ARCALYST® net product sales totaled $5.2 million and $4.5 million for the three months ended June 30, 2010 and 2009, respectively, and $15.0 million and $8.4 million for the six months ended June 30, 2010 and 2009, respectively. ARCALYST® net product sales during the first six months of 2010 included $10.2 million of net product sales made during this period and $4.8 million of previously deferred net product sales, as described above. There was no deferred ARCALYST® net product sales revenue at June 30, 2010. At June 30, 2009, deferred ARCALYST® net product sales revenue was $4.9 million.

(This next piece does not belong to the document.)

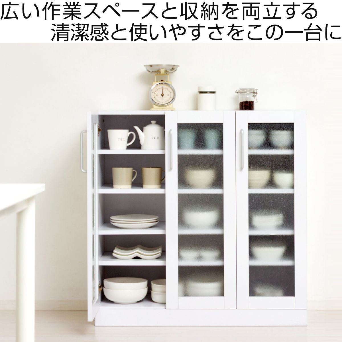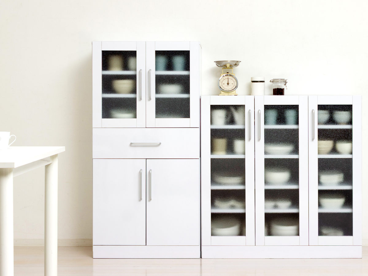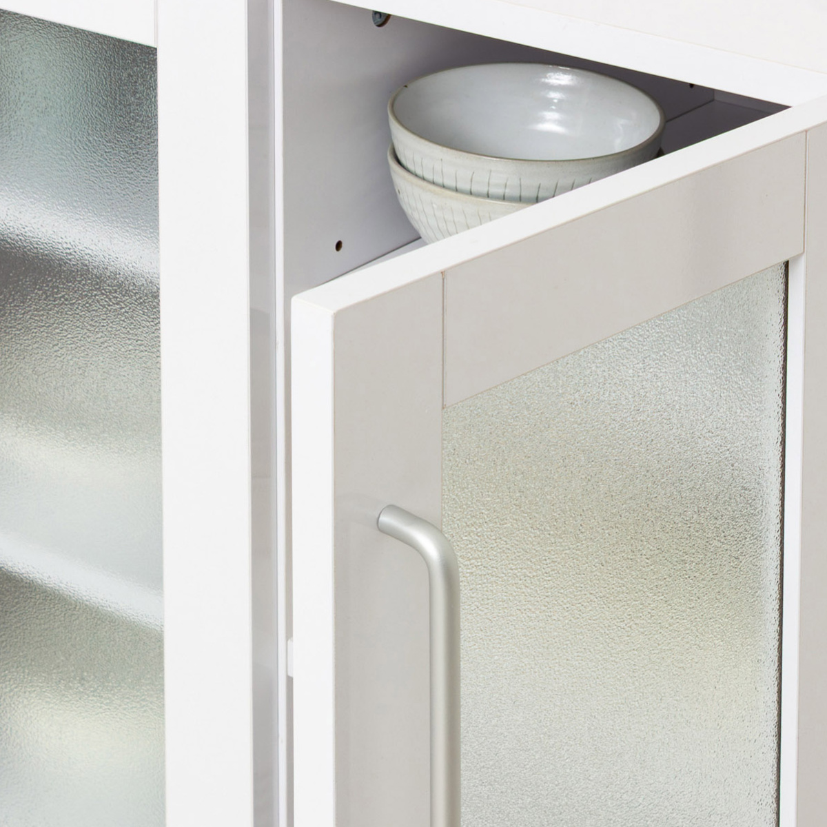 食器棚 幅89.5cm 高さ90cm メラミン すりガラス 背面化粧

Total operating expenses for the second quarter of 2010 were $139.6 million, 31 percent higher than the same period in 2009, and $272.0 million for the first six months of 2010, 37 percent higher than the same period in 2009. Average headcount increased to 1,214 in the second quarter of 2010 from 966 in the same period of 2009 and increased to 1,151 for the first half of 2010 from 952 in the same period of 2009, due primarily to the Company's expanding research and development activities, principally in connection with the sanofi-aventis antibody collaboration. Operating expenses included non-cash compensation expense related to employee stock option and restricted stock awards of $8.7 million in the second quarter of 2010 and $17.5 million for the first six months of 2010, compared with $7.4 million and $15.1 million, respectively, for the same periods of 2009.
Research and development (R&D) expenses increased to $124.5 million in the second quarter of 2010 from $94.2 million in the comparable quarter of 2009 and to $242.0 million in the first six months of 2010 from $174.5 million in the same period of 2009. In the second quarter and first half of 2010, the Company incurred higher R&D costs, primarily related to additional R&D headcount and clinical development costs, manufacturing clinical supplies, and research and other development activities associated with the Company's monoclonal antibody programs. In addition, R&D expenses include cost-sharing of Bayer HealthCare's VEGF Trap-Eye development expenses, which increased in the second quarter and first half of 2010 compared to the same periods in 2009, primarily due to higher costs in connection with the Phase 3 VEGF Trap-Eye studies being conducted by Bayer HealthCare.
Selling, general, and administrative (SG&A) expenses increased to $14.7 million in the second quarter of 2010 from $11.7 million in the comparable quarter of 2009, and to $28.9 million in the first six months of 2010 from $23.1 million in the same period of 2009. In the second quarter and first half of 2010, the Company incurred higher SG&A compensation expense due primarily to additional headcount, higher Non-cash Compensation Expense, and higher recruitment costs.
Other Income and Expense
Investment income decreased to $0.6 million in the second quarter of 2010 from $1.3 million in the comparable quarter of 2009 and to $1.0 million in the first six months of 2010 compared to $3.1 million in the same period of 2009. The decrease in investment income was primarily due to lower balances of, and lower yields on, cash and marketable securities in 2010 compared to 2009.
Interest expense of $2.3 million in the second quarter of 2010 and $4.4 million in the first six months of 2010 was attributable to the imputed interest portion of the Company's payments to its landlord to lease newly constructed laboratory and office facilities in Tarrytown, New York. These payments commenced in the third quarter of 2009.